Brief:
The data needs to be returned in full, exactly as it reads.
*** Listed entries Section Begins ***
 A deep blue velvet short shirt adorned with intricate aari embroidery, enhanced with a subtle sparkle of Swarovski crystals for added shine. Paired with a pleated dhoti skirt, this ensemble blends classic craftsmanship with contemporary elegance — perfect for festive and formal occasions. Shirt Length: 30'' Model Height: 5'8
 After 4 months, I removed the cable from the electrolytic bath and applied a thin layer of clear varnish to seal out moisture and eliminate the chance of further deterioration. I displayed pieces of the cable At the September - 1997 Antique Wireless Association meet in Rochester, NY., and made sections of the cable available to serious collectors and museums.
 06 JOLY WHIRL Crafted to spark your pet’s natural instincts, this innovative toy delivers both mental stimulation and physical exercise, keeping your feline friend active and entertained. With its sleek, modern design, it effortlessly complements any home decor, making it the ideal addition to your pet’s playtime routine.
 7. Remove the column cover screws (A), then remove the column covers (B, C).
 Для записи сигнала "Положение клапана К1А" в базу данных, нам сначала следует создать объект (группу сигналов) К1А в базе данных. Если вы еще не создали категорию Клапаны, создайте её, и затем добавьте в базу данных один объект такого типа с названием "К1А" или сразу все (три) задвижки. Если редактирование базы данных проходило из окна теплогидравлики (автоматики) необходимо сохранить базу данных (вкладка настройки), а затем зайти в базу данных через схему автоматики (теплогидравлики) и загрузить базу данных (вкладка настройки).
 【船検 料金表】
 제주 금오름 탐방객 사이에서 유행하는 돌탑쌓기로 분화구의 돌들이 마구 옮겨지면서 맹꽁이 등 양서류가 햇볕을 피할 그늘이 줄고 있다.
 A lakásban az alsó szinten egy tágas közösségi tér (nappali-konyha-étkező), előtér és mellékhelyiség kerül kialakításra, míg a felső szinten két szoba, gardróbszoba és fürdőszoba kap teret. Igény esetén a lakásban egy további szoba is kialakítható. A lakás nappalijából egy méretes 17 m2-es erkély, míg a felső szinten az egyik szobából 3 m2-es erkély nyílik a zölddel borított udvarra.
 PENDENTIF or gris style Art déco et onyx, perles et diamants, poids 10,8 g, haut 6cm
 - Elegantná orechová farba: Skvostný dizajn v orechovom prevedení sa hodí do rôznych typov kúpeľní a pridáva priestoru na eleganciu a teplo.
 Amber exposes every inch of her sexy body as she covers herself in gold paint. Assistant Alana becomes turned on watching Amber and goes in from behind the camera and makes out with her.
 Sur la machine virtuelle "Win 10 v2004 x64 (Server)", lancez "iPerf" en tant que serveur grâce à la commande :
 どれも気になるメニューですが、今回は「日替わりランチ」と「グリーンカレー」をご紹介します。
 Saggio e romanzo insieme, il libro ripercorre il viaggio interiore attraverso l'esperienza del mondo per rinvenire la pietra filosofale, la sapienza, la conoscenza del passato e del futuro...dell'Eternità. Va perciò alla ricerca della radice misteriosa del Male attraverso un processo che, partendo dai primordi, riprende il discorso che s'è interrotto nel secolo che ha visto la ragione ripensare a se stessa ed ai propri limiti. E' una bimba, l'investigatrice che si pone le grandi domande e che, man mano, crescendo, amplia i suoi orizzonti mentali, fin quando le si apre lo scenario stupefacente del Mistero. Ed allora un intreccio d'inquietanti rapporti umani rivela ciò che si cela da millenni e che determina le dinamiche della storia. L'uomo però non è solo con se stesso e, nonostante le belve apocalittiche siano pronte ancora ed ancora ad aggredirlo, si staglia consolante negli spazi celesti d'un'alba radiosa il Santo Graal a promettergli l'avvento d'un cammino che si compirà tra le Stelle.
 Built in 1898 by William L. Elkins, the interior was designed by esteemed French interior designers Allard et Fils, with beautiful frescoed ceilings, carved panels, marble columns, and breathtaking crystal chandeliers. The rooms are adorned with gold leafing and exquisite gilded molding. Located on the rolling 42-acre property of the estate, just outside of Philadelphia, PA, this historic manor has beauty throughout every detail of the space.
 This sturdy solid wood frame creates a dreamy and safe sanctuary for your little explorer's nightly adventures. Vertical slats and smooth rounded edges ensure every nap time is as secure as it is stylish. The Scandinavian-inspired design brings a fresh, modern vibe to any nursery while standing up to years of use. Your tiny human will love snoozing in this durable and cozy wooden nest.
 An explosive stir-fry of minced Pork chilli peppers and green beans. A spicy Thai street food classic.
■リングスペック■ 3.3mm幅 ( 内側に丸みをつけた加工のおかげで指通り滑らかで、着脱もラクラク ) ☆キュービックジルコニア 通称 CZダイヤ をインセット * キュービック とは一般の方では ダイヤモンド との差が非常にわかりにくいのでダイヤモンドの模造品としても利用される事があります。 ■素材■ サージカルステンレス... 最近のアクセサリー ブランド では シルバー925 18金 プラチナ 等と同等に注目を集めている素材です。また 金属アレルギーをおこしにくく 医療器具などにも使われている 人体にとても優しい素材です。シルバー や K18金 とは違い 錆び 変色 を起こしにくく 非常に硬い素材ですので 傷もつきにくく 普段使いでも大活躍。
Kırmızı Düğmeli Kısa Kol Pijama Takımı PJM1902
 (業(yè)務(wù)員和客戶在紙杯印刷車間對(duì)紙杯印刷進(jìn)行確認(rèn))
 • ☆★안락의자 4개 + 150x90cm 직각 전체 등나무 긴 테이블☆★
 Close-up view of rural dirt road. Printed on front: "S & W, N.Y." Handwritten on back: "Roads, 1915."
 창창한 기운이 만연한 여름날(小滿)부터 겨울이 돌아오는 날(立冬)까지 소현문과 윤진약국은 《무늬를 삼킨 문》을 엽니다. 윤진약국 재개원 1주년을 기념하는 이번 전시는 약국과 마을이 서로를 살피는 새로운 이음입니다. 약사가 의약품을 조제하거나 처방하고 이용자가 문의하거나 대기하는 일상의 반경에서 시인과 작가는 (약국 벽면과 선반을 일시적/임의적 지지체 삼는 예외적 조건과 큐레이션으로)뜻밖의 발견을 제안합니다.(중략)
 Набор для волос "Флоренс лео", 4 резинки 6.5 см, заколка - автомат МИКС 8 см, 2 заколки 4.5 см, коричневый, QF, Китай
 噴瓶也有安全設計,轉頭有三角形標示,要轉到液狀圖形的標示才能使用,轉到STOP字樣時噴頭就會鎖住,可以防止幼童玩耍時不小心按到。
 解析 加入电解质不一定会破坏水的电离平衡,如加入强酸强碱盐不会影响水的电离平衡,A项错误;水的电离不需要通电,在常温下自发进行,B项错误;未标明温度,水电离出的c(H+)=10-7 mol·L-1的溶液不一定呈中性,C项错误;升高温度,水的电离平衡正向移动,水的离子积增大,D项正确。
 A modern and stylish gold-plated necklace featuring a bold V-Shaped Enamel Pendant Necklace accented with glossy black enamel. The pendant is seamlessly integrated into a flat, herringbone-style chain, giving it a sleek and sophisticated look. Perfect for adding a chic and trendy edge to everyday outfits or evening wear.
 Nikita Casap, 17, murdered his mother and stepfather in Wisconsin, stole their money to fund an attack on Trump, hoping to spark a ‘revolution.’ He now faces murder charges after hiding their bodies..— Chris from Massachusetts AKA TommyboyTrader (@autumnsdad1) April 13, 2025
*** Listed entries Section Ends ***
Solution:
 A deep blue velvet short shirt adorned with intricate aari embroidery, enhanced with a subtle sparkle of Swarovski crystals for added shine. Paired with a pleated dhoti skirt, this ensemble blends classic craftsmanship with contemporary elegance — perfect for festive and formal occasions. Shirt Length: 30'' Model Height: 5'8
 After 4 months, I removed the cable from the electrolytic bath and applied a thin layer of clear varnish to seal out moisture and eliminate the chance of further deterioration. I displayed pieces of the cable At the September - 1997 Antique Wireless Association meet in Rochester, NY., and made sections of the cable available to serious collectors and museums.
 06 JOLY WHIRL Crafted to spark your pet’s natural instincts, this innovative toy delivers both mental stimulation and physical exercise, keeping your feline friend active and entertained. With its sleek, modern design, it effortlessly complements any home decor, making it the ideal addition to your pet’s playtime routine.
 7. Remove the column cover screws (A), then remove the column covers (B, C).
 Для записи сигнала "Положение клапана К1А" в базу данных, нам сначала следует создать объект (группу сигналов) К1А в базе данных. Если вы еще не создали категорию Клапаны, создайте её, и затем добавьте в базу данных один объект такого типа с названием "К1А" или сразу все (три) задвижки. Если редактирование базы данных проходило из окна теплогидравлики (автоматики) необходимо сохранить базу данных (вкладка настройки), а затем зайти в базу данных через схему автоматики (теплогидравлики) и загрузить базу данных (вкладка настройки).
 【船検 料金表】
 제주 금오름 탐방객 사이에서 유행하는 돌탑쌓기로 분화구의 돌들이 마구 옮겨지면서 맹꽁이 등 양서류가 햇볕을 피할 그늘이 줄고 있다.
 A lakásban az alsó szinten egy tágas közösségi tér (nappali-konyha-étkező), előtér és mellékhelyiség kerül kialakításra, míg a felső szinten két szoba, gardróbszoba és fürdőszoba kap teret. Igény esetén a lakásban egy további szoba is kialakítható. A lakás nappalijából egy méretes 17 m2-es erkély, míg a felső szinten az egyik szobából 3 m2-es erkély nyílik a zölddel borított udvarra.
 PENDENTIF or gris style Art déco et onyx, perles et diamants, poids 10,8 g, haut 6cm
 - Elegantná orechová farba: Skvostný dizajn v orechovom prevedení sa hodí do rôznych typov kúpeľní a pridáva priestoru na eleganciu a teplo.
 Amber exposes every inch of her sexy body as she covers herself in gold paint. Assistant Alana becomes turned on watching Amber and goes in from behind the camera and makes out with her.
 Sur la machine virtuelle "Win 10 v2004 x64 (Server)", lancez "iPerf" en tant que serveur grâce à la commande :
 どれも気になるメニューですが、今回は「日替わりランチ」と「グリーンカレー」をご紹介します。
 Saggio e romanzo insieme, il libro ripercorre il viaggio interiore attraverso l'esperienza del mondo per rinvenire la pietra filosofale, la sapienza, la conoscenza del passato e del futuro...dell'Eternità. Va perciò alla ricerca della radice misteriosa del Male attraverso un processo che, partendo dai primordi, riprende il discorso che s'è interrotto nel secolo che ha visto la ragione ripensare a se stessa ed ai propri limiti. E' una bimba, l'investigatrice che si pone le grandi domande e che, man mano, crescendo, amplia i suoi orizzonti mentali, fin quando le si apre lo scenario stupefacente del Mistero. Ed allora un intreccio d'inquietanti rapporti umani rivela ciò che si cela da millenni e che determina le dinamiche della storia. L'uomo però non è solo con se stesso e, nonostante le belve apocalittiche siano pronte ancora ed ancora ad aggredirlo, si staglia consolante negli spazi celesti d'un'alba radiosa il Santo Graal a promettergli l'avvento d'un cammino che si compirà tra le Stelle.
 Built in 1898 by William L. Elkins, the interior was designed by esteemed French interior designers Allard et Fils, with beautiful frescoed ceilings, carved panels, marble columns, and breathtaking crystal chandeliers. The rooms are adorned with gold leafing and exquisite gilded molding. Located on the rolling 42-acre property of the estate, just outside of Philadelphia, PA, this historic manor has beauty throughout every detail of the space.
 This sturdy solid wood frame creates a dreamy and safe sanctuary for your little explorer's nightly adventures. Vertical slats and smooth rounded edges ensure every nap time is as secure as it is stylish. The Scandinavian-inspired design brings a fresh, modern vibe to any nursery while standing up to years of use. Your tiny human will love snoozing in this durable and cozy wooden nest.
 An explosive stir-fry of minced Pork chilli peppers and green beans. A spicy Thai street food classic.
■リングスペック■ 3.3mm幅 ( 内側に丸みをつけた加工のおかげで指通り滑らかで、着脱もラクラク ) ☆キュービックジルコニア 通称 CZダイヤ をインセット * キュービック とは一般の方では ダイヤモンド との差が非常にわかりにくいのでダイヤモンドの模造品としても利用される事があります。 ■素材■ サージカルステンレス... 最近のアクセサリー ブランド では シルバー925 18金 プラチナ 等と同等に注目を集めている素材です。また 金属アレルギーをおこしにくく 医療器具などにも使われている 人体にとても優しい素材です。シルバー や K18金 とは違い 錆び 変色 を起こしにくく 非常に硬い素材ですので 傷もつきにくく 普段使いでも大活躍。
Kırmızı Düğmeli Kısa Kol Pijama Takımı PJM1902
 (業(yè)務(wù)員和客戶在紙杯印刷車間對(duì)紙杯印刷進(jìn)行確認(rèn))
 • ☆★안락의자 4개 + 150x90cm 직각 전체 등나무 긴 테이블☆★
 Close-up view of rural dirt road. Printed on front: "S & W, N.Y." Handwritten on back: "Roads, 1915."
 창창한 기운이 만연한 여름날(小滿)부터 겨울이 돌아오는 날(立冬)까지 소현문과 윤진약국은 《무늬를 삼킨 문》을 엽니다. 윤진약국 재개원 1주년을 기념하는 이번 전시는 약국과 마을이 서로를 살피는 새로운 이음입니다. 약사가 의약품을 조제하거나 처방하고 이용자가 문의하거나 대기하는 일상의 반경에서 시인과 작가는 (약국 벽면과 선반을 일시적/임의적 지지체 삼는 예외적 조건과 큐레이션으로)뜻밖의 발견을 제안합니다.(중략)
 Набор для волос "Флоренс лео", 4 резинки 6.5 см, заколка - автомат МИКС 8 см, 2 заколки 4.5 см, коричневый, QF, Китай
 噴瓶也有安全設計,轉頭有三角形標示,要轉到液狀圖形的標示才能使用,轉到STOP字樣時噴頭就會鎖住,可以防止幼童玩耍時不小心按到。
 解析 加入电解质不一定会破坏水的电离平衡,如加入强酸强碱盐不会影响水的电离平衡,A项错误;水的电离不需要通电,在常温下自发进行,B项错误;未标明温度,水电离出的c(H+)=10-7 mol·L-1的溶液不一定呈中性,C项错误;升高温度,水的电离平衡正向移动,水的离子积增大,D项正确。
 A modern and stylish gold-plated necklace featuring a bold V-Shaped Enamel Pendant Necklace accented with glossy black enamel. The pendant is seamlessly integrated into a flat, herringbone-style chain, giving it a sleek and sophisticated look. Perfect for adding a chic and trendy edge to everyday outfits or evening wear.
 Nikita Casap, 17, murdered his mother and stepfather in Wisconsin, stole their money to fund an attack on Trump, hoping to spark a ‘revolution.’ He now faces murder charges after hiding their bodies..— Chris from Massachusetts AKA TommyboyTrader (@autumnsdad1) April 13, 2025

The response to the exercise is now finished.